I just installe gentoo for the first time using the genkernel option.

After rebooting I have no access to the internet.

Certain posts around the web point out, that if genkernel is used hotplug and coldplug should be emerged thereafter, since they are used by the kernel generated with genkernel.

However, there are no ebuilds to satisfy "hotplug" or "coldplug" respectivly.

Could someone be so kind, to point out, what to emerge instead to get my eth0 running?

----------

## Hu

We need to know whether your problem is lack of support for the NIC or a configuration problem.  Please post the output of lspci -k ; ifconfig -a ; rc-update show -v, as run on the installed system.  You can redirect the output to a file, then boot back into the live environment to post the file.

----------

## Ant P.

Hotplug and coldplug have been obsolete for almost a decade.

Your problem is most likely that eth0 got renamed to some unpredictable name.
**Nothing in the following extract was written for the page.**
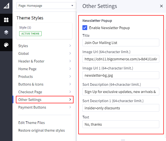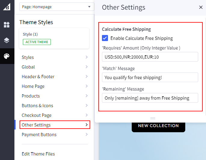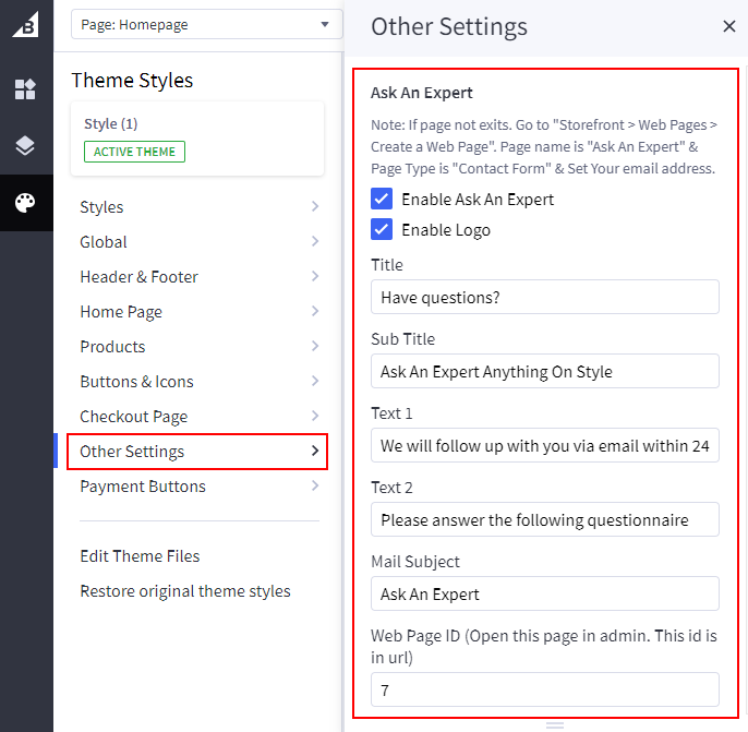 In the Theme Editor >Go to >. Click on "Other Settings".

You need to figure out what it's called now (using «ifconfig -a» or «ip link show») and adjust your config files to match.

----------

## Dippmopser

At the danger of sounding stupid: How am I supposed to post a file from the live environment, without a browser or something else? I ran the gentoo minimal install, so all I have there is a command prompt and a working ethernet.

EDIT:

I am now trying to install the Xserver and KDE from the chrooted environment thereafter I hope I can access a browser and post the file.

----------

## broken_chaos

 *Dippmopser wrote:*   

> How am I supposed to post a file from the live environment, without a browser or something else?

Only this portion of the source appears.